Trump Could Receive Gifts On Inauguration Day

by Seth Millstein
Pool/Getty Images News/Getty Images

The big day is almost here: After eight years, Barack Obama will hand over the reigns of the U.S. presidency to Donald Trump on Jan. 20. The inauguration is a time-honored tradition in American politics, one that symbolizes the peaceful transition of power that's integral to any liberal democracy. The outgoing president is attending the inauguration — but will Obama give Trump a gift?

It's possible that Obama will give Trump a gift. But there's no reason to expect an exchange one way or another. There hasn't been an official announcement and moreover, outgoing presidents don't traditionally give gifts to their successors. It's just not popular a thing. Or at least if the 44th president gives Trump a gift, we may never find out what exactly it is.

Although it's natural to assume that presidents would be lavished with gifts on their inauguration day, that's not actually the case. According to the State Department's Protocol Gift Unit, which keeps tracks of gifts received by presidents, Obama was given only one gift on his first inauguration: A book and a piece of art from Felipe Calderon, the then-president of Mexico. Obama didn't receive any gifts at all after his second inauguration, according to that same list.


One reason the government keeps records of presidential gift-giving is to avoid any appearance of impropriety or conflict of interest.

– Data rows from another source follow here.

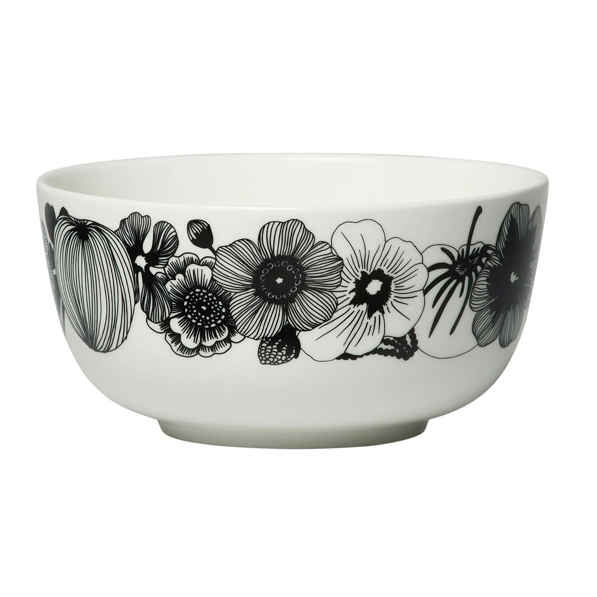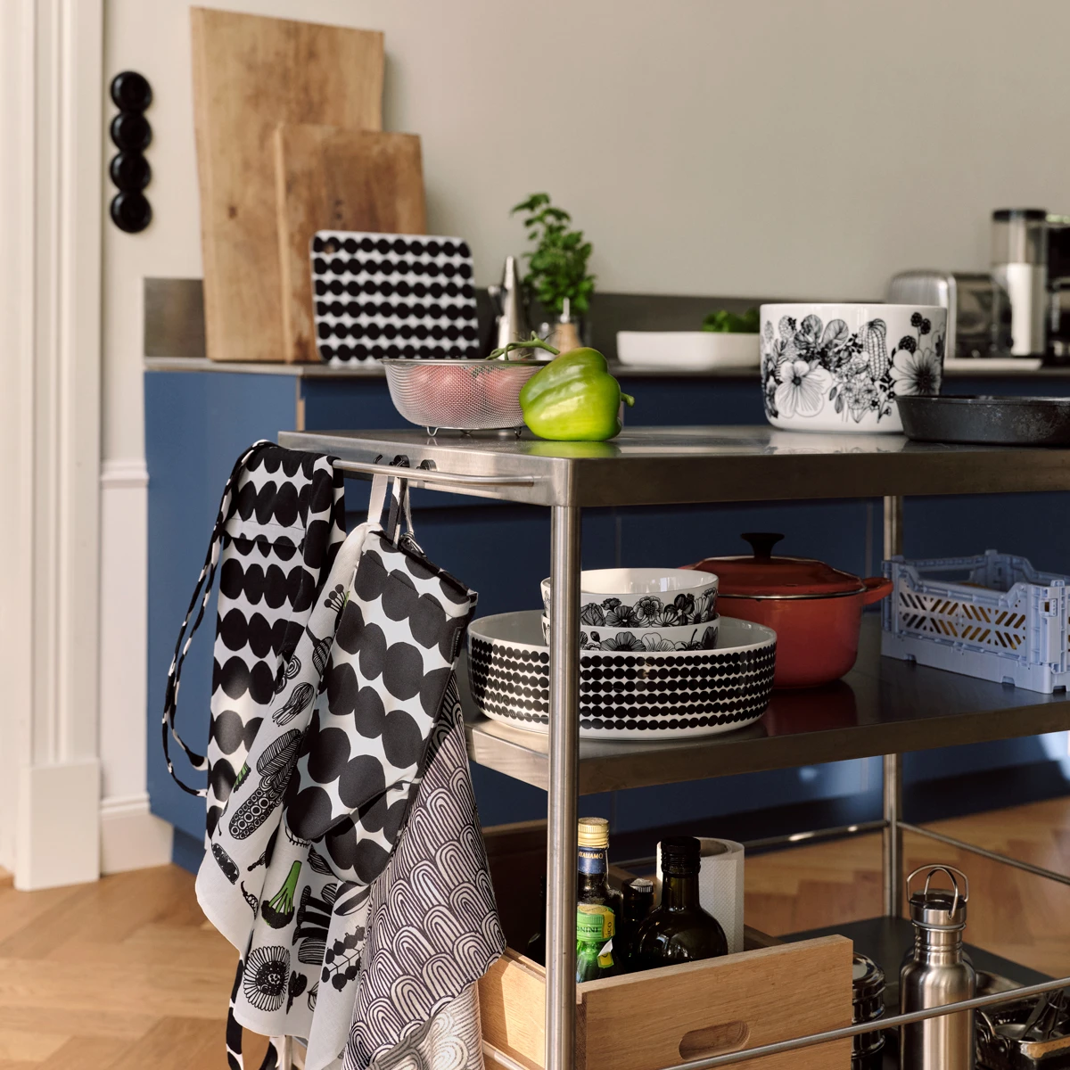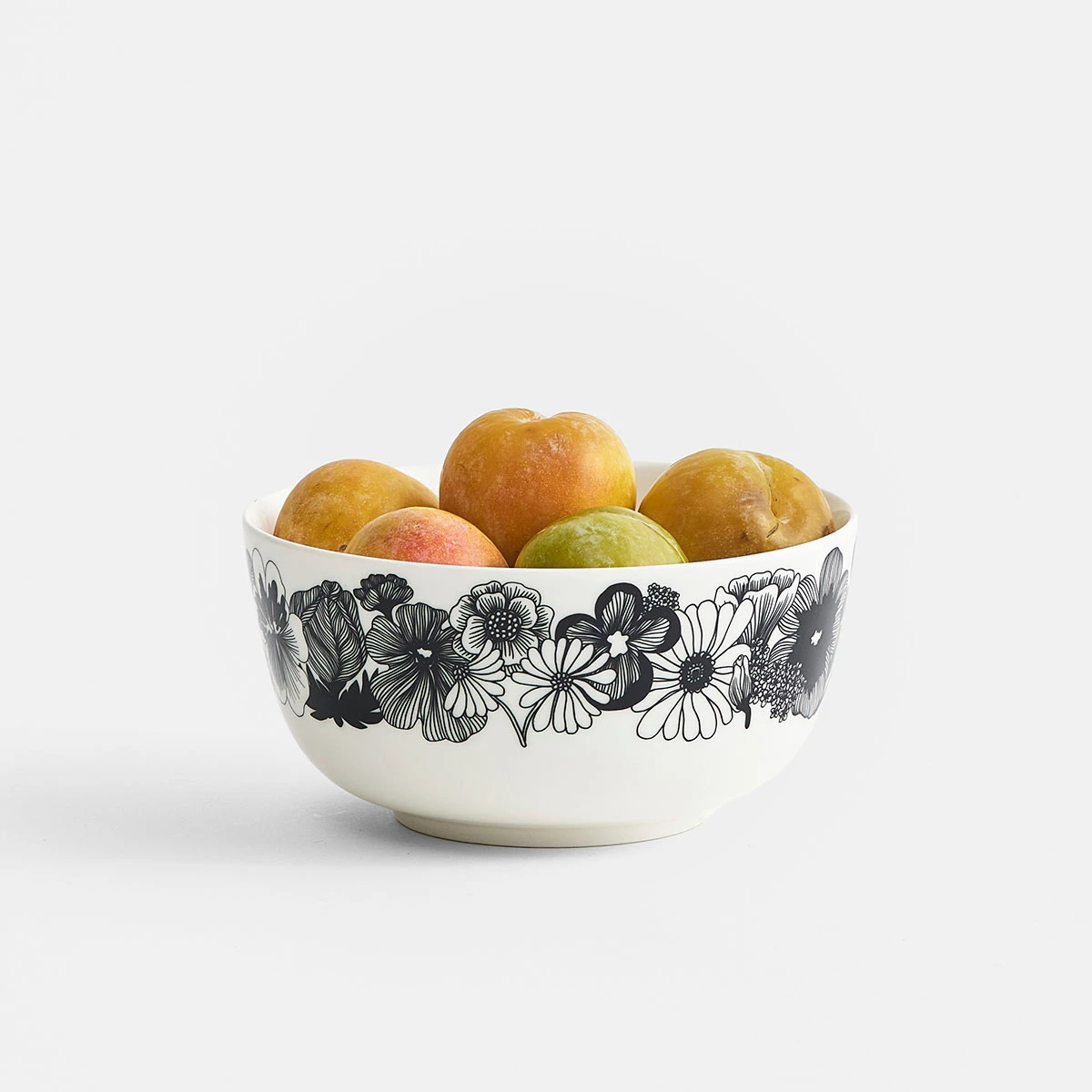 Celebrate the 10 year anniversary of this pattern and the dinnerware line it graces. Flowers and produce serve as an asymmetrical frame for this small Marimekko serving bowl, making it an artistic canvas for your own fresh garden veggies. Called Siirtolapuutarha (City Garden), Maija Isola’s print is a Marimekko favorite and was inspired by rooftop allotments found in the city, mixing urban beauty with nature’s bounty. Made from white stoneware, the small serving bowl is conveniently microwave, oven, freezer, and dishwasher safe.
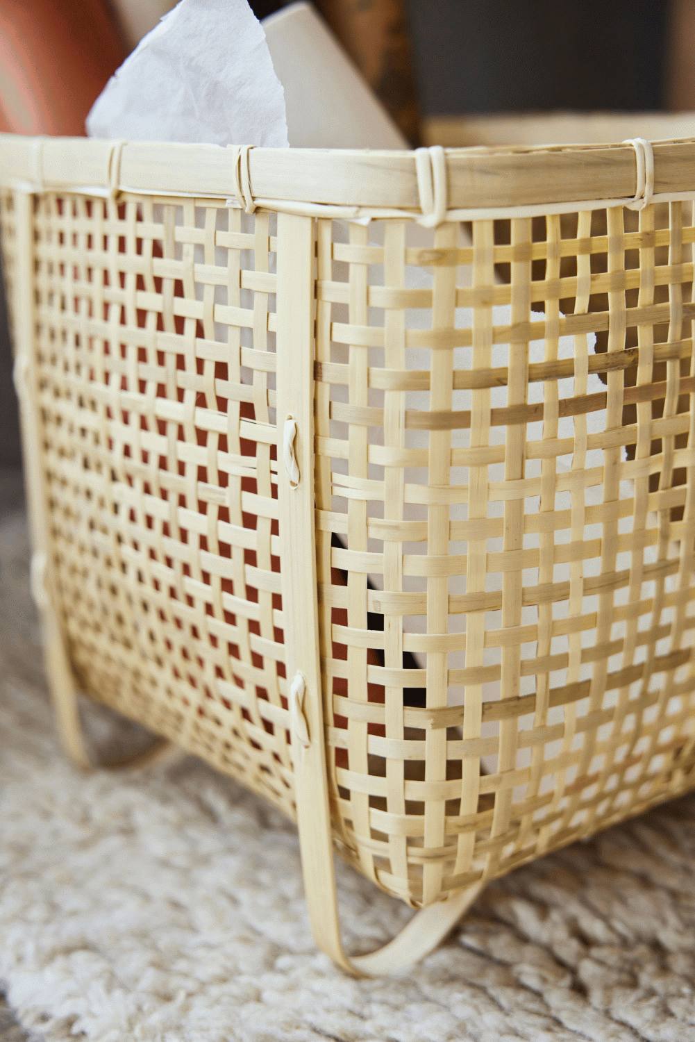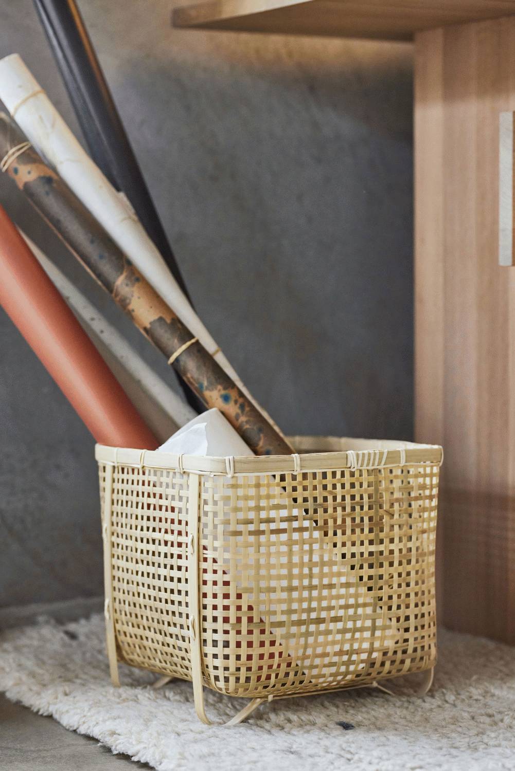 Das 100% Bambusmaterial verleiht den quadratischen Körben eine leichte und luftige Ausstrahlung, während die natürliche Textur interessante visuelle Akzente setzt. Die organische Struktur des Bambus bringt Wärme in deine Räume und schafft eine harmonische Balance zwischen Form und Funktion. Dank der robusten Handwerkskunst sind diese Körbe nicht nur optisch ansprechend, sondern auch langlebig und pflegeleicht.
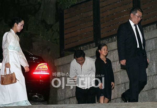 고 정주영 현대그룹 명예회장의 부인인 변중석 여사의 3주기를 맞아 16일 오후 범 현대가 일원들이 서울 청운동 정 명예회장의 자택에서 모인 가운데 정의선 현대차 부회장 일가가 저택으로 들어서고 있다
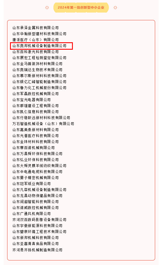 近日,山東省工信廳公布山東省2024年度第一批創(chuàng)新型中小企業(yè)名單,山東奧邦機(jī)械設(shè)備制造有限公司成功上榜!
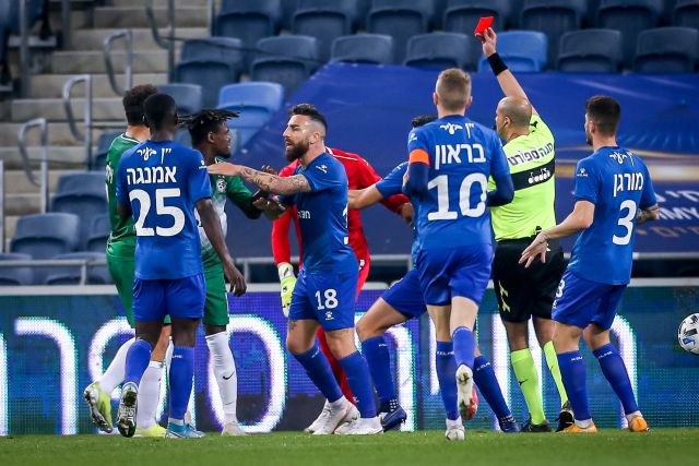 בדקה ה-31 תקרית הזויה התירה את קריית שמונה בעשרה שחקנים. מכבי חיפה ביצעה תרגיל בכדור חופשי, שהסתיים בידיים של דז'יוגאס ברטקוס. יאניק וילדסחוט ועופרי ארד הפריעו לשוער ק"ש לשחרר את הכדור, והליטאי התעצבן ובעט את הכדור על וילדסחוט. מיד השופט דניאל בר נתן שלף לעברו של ברטקוס אדום ולעבר ההולנדי צהוב, וגם לאחר בדיקת VAR אושרה הרחקת השוער. השוער הצעיר נדב זמיר נכנס אל בין הקורות והחליף את מייקל אמאנגה.
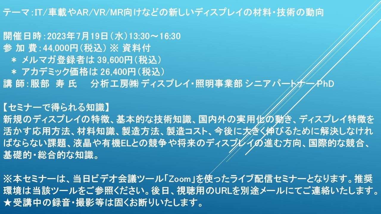 【ライブ配信セミナー】IT/車載やAR/VR/MR向けなどの新しいディスプレイの材料・技術の動向 7月19日(水)開催 主催:(株)シーエムシー・リサーチ
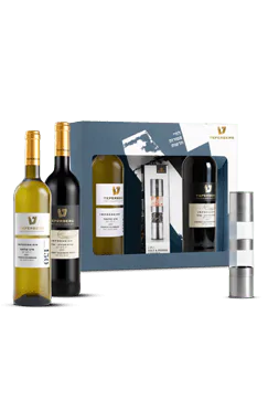 בקבוק קברנה סוביניון & מרלו + בקבוק פרנץ' קולומבר +מלחייה ופלפלייה איכותית
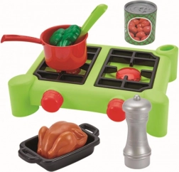 Con questo completo set di pentole i bambini possono divertirsi per ore a cucinare. Il set comprende pentole con coperchi, padelle, tegami e diverse pietanze che aggiungono realismo al gioco.
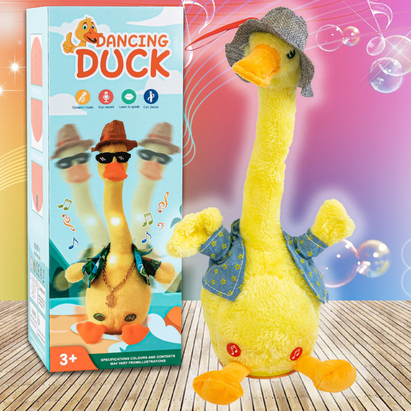 Интерактивная игрушка - танцующая утка в шляпке, поёт и светится Dancing duck
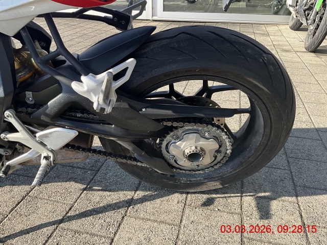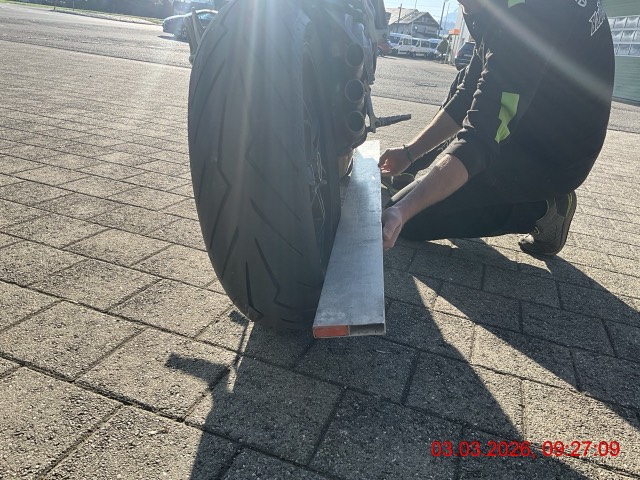 | Schadensbeschreibung | Beschreibung der Schäden: Lenkeranschlag vorne links gebrochen. Lenker, Tank, Seitenverkleidung rechts, Hinterachsschwinge deformiert. Motor läuft noch jedoch Spannungsversorgung zu niedrig. |
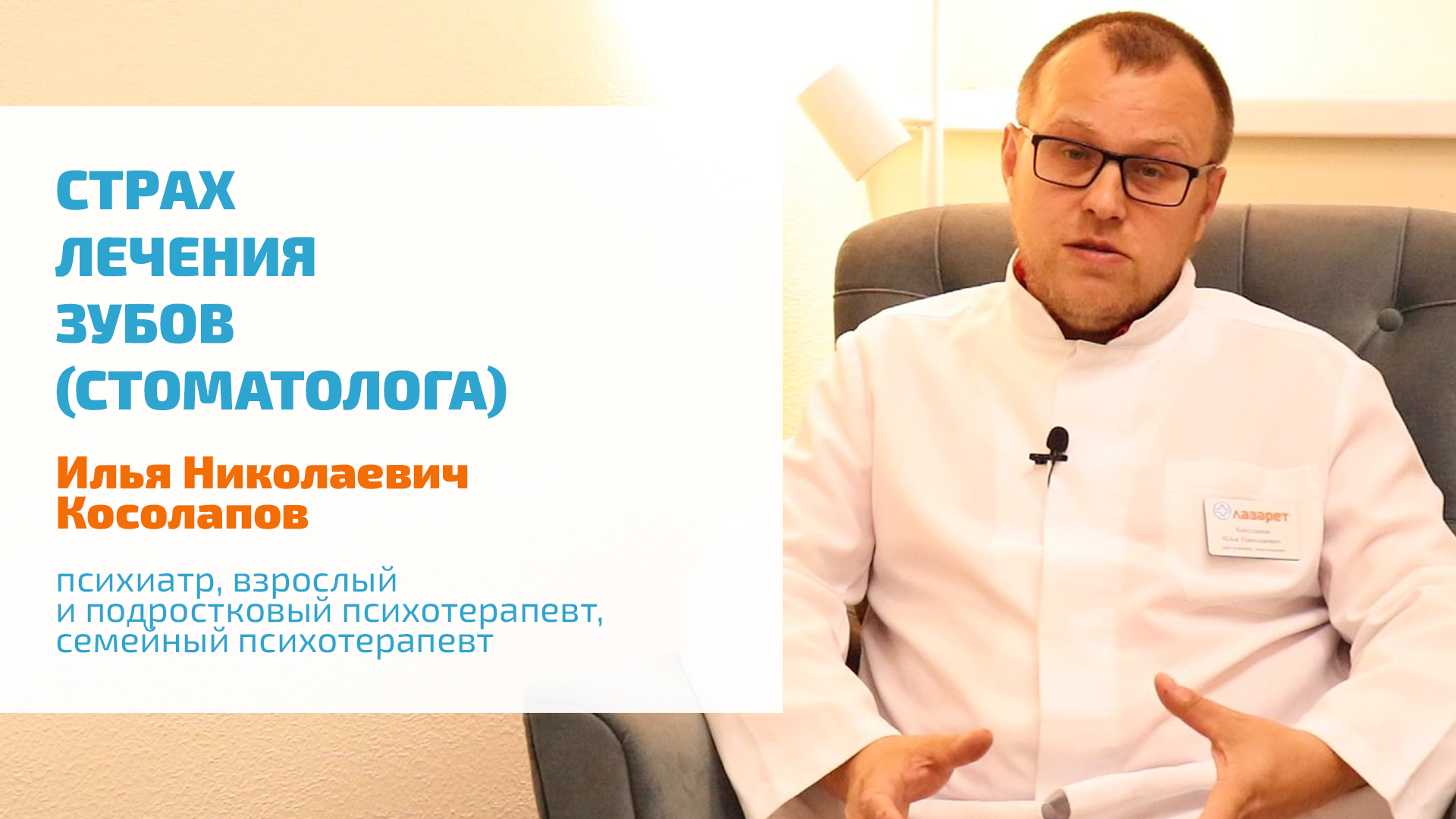 #ПСИХОЛОГИЯ #ПСИХИАТРИЯ #ЗДОРОВЬЕ https://lazaretspb.ru/psihiatriya/ 00:00 • Страх стоматолога 00:23 • Симптомы и признаки стоматофобии 01:34 • Лечение страха стоматолога, лечения кариеса и удаления зубов 04:28 • Сроки и результаты лечения ммпосещения стоматологической клиники Подробнее о лечении страха стоматолога (стоматофобии, боязни лечения кариеса и удаления зубов) рассказывает Илья Николаевич Косолапов — психиатр, врач-психотерапевт, специалист по подбору психофармакотерапии. ? ЗАПИСЬ, КОНСУЛЬТАЦИЯ МЫ РАБОТАЕМ КРУГЛОСУТОЧНО, БЕЗ ВЫХОДНЫХ Если у Вас возникли вопросы о вариантах лечения психических расстройств и зависимостей, наши операторы ответят на них. Звоните — мы работаем круглосуточно, в том числе в выходные и праздничные дни. +7 (812) 604-33-30 8 (800) 300-64-39 ? ГОСПИТАЛИЗАЦИЯ В СТАЦИОНАР ИНОГОРОДНИМ, ЖИТЕЛЯМ БЛИЖНЕГО И ДАЛЬНЕГО ЗАРУБЕЖЬЯ Для иногородних, жителей ближнего и дальнего зарубежья, желающих пройти полноценное лечение в психиатрическом или наркологическом стационаре нашей клиники, возможна консультация по Skype, WhatsApp, Viber, Telegram. Напишите нам на адрес электронный почты, указав в письме контактную информацию, причину обращения, удобное для Вас время звонка. info@lazaretspb.ru ? КЛИНИКА ЛАЗАРЕТ — ОСОЗНАННЫЙ ВЫБОР ПСИХИАТРИЯ, ПСИХОТЕРАПИЯ, НАРКОЛОГИЯ И ПСИХОЛОГИЧЕСКАЯ ПОМОЩЬ Клиника Лазарет — одна из старейших клиник Санкт-Петербурга, специализирующаяся на помощи людям с легкими, пограничными и тяжелыми расстройствами психики, различными зависимостями. Также мы помогаем родственникам пациентов на всех этапах лечения — от мотивации к прохождению полноценного лечения, до ресоциализации — момента возвращения человека в общество и в семью, требующего специализированной психологической помощи и коррекции поведения. https://lazaretspb.ru https://vk.com/klinikalazaret
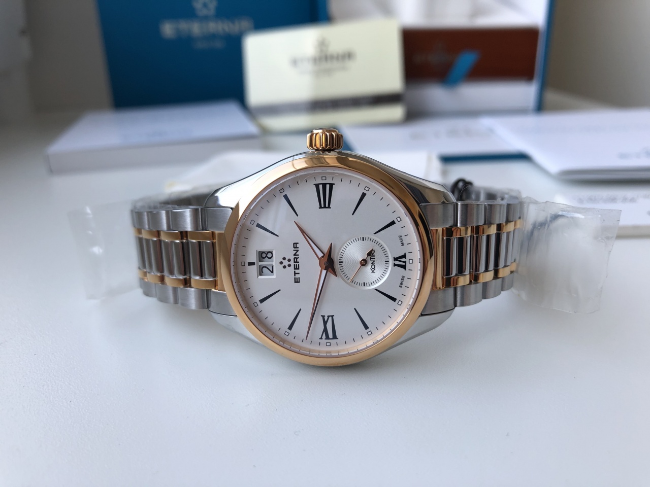 Вашему вниманию культовая модель от Eterna, история которой напрямую связана с Туром Хейердалом. В 50-е годы прошлого века Enerna представила спортивные часы, которые носил знаменитый норвежец во время своего плавания через Тихий океан на деревянном плоту «Кон-Тики». После этого линейка получила название в честь плота и с тех пор регулярно обновляется. Характерная особенность этих часов — треугольные индексы у меток 3, 6, 9 и 12 часов. Индексы по форме напоминают зубы акулы (ну или паруса, это как кому больше нравится).
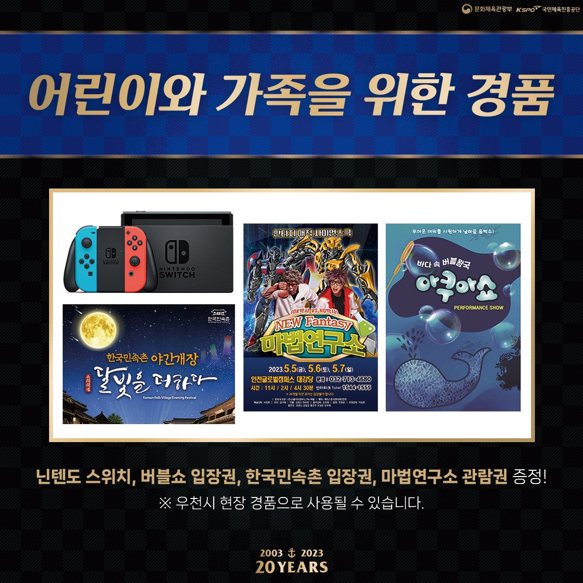 (*닌텐도 스위치, 버블쇼 입장권, 한국민속촌 입장권, 마법연구소 관람권, 송도외과 검진권, 컬러런 입장권 등)
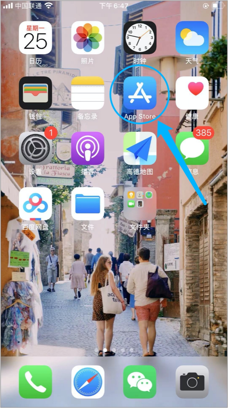 技师在手机主屏幕,点击苹果商店(App Store)。
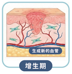 • 特徵:傷口底部的纖維組織開始增生,形成新的血管(血管生成)和新的結締組織(纖維蛋白)。這一階段的目標是填補傷口,形成初步的結締組織。表面上,傷口邊緣開始合攏,並形成薄的表皮。
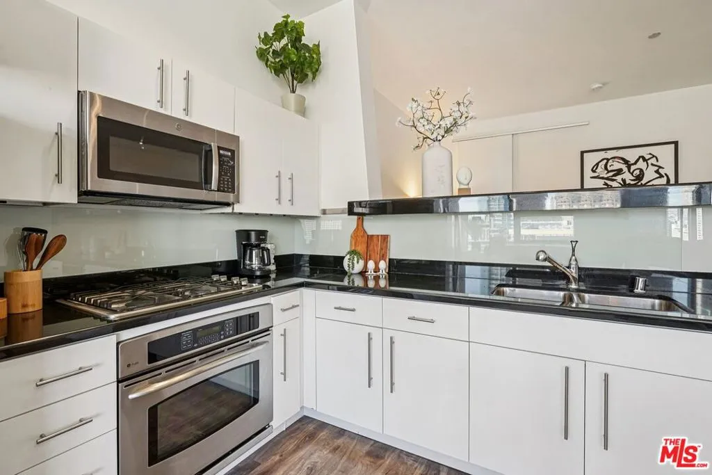 Residence #2209 captures a rare balance in Downtown LA. Expansive, light-filled living paired with a calm, curated aesthetic. A full wall of windows frames sweeping skyline views, bringing the city in while maintaining a sense of privacy above it all. Just beneath, a cleverly concealed window seat offers both additional storage and a quiet perch to take in the view. The open-concept layout flows effortlessly from living to dining to kitchen, anchored by warm wood flooring and softened by thoughtful staging that highlights both comfort and scale. The kitchen is sleek and functional, featuring stainless steel appliances, black stone counters, and clean-lined cabinetry that blends seamlessly into the living space. The bedroom retreat offers a quiet separation with a soft, elevated feel. Clean lines, neutral tones, and layered textures create a home that feels both modern and inviting. Ideally positioned at the intersection of Downtown's Financial District and South Park, you're moments from Whole Foods, LA Live, restaurants, coffee spots, and the pulse of city living. Residents enjoy one of Downtown's most iconic addresses, known for its dramatic architecture and resort-style amenities. Imagine a 17th-floor pool deck with a spa, cabanas, an outdoor dining area, BBQ grills, and a pet park, all offering panoramic views of Los Angeles and beyond. A home that feels intentional, effortless, and distinctly above it all awaits you.

A gift to a president from, say, a foreign government or private corporation could be interpreted as a bribe or quid pro quo under the wrong circumstances, and that would be double the case if the fact of the gift was kept secret.

This is probably why the State Department's official list of gifts given to the president also has a section explaining why the gift in question was accepted. That said, the explanation is almost always the same — "Non-acceptance would cause embarrassment to donor and U.S. Government" — so that section of the list isn't quite as informative as it could be.

Nevertheless, that State Department list is still a fascinating document, as it provides a glimpse into a narrow world rarely seen by the general public. In 2015, for instance, German Chancellor Angela Merkel gave Obama a "framed watercolor painting of men playing basketball." The same year, the Emir of Qatar gifted him a "silver bowl with the Qatari insignia in the center and bordered by an alphabetical listing of national capitals and their distance from Doha [the capital of Qatar] in kilometers."

If Obama does give Trump a gift, it will end up on that list, and we're waiting on baited breath to see if it happens and if so, what the gift actually is.